§ **Exercise data**

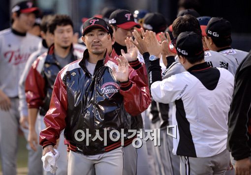 [창원=아시아경제 김현민 기자] LG 트윈스와 NC 다이노스의 프로야구 준플레이오프 1차전이 19일 경남 창원시 마산야구장에서 열렸다. 13-4로 대승을 거둔 LG 선수들이 자축하고 있다. 김현민 기자 kimhyun81@asiae.co.kr<ⓒ세계를 보는 창 경제를 보는 눈, 아시아경제(www.asiae.co.kr) 무단전재 배포금지>
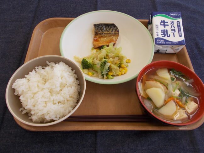 ごはん 牛乳 さばの塩焼き キャベツとコーンのごまみそあえ とうふのすまし汁(683キロカロリー)
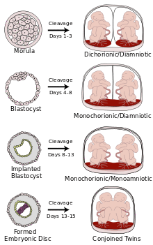 Conjoined twins | When the division of the developing zygote into 2 embryos occurs, 99% of the time it is within 8 days of fertilization. Mortality is highest for conjoined twins due to the many complications resulting from shared organs. | If the division of the zygote occurs later than the 12 days then conjoined twins are usually the result. |
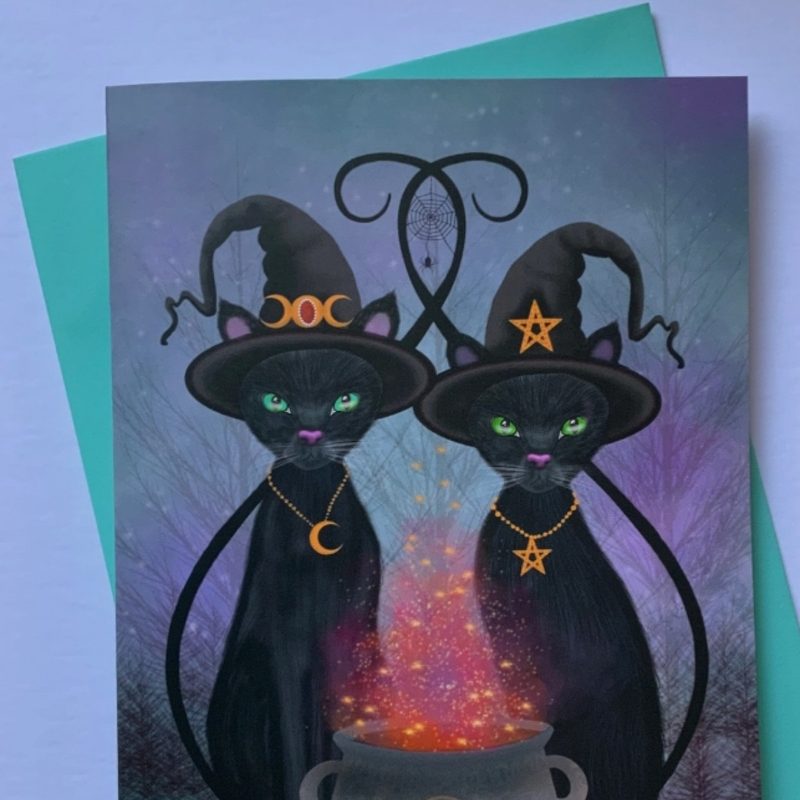 Twisted Twins - Cats Greetings Card by Crimson Finch

§ **Prompt**
The whole listing above is to be printed again exactly; pictures stay out of it.

§ **Result**
 [창원=아시아경제 김현민 기자] LG 트윈스와 NC 다이노스의 프로야구 준플레이오프 1차전이 19일 경남 창원시 마산야구장에서 열렸다. 13-4로 대승을 거둔 LG 선수들이 자축하고 있다. 김현민 기자 kimhyun81@asiae.co.kr<ⓒ세계를 보는 창 경제를 보는 눈, 아시아경제(www.asiae.co.kr) 무단전재 배포금지>
 ごはん 牛乳 さばの塩焼き キャベツとコーンのごまみそあえ とうふのすまし汁(683キロカロリー)
 Conjoined twins | When the division of the developing zygote into 2 embryos occurs, 99% of the time it is within 8 days of fertilization. Mortality is highest for conjoined twins due to the many complications resulting from shared organs. | If the division of the zygote occurs later than the 12 days then conjoined twins are usually the result. |
 Twisted Twins - Cats Greetings Card by Crimson Finch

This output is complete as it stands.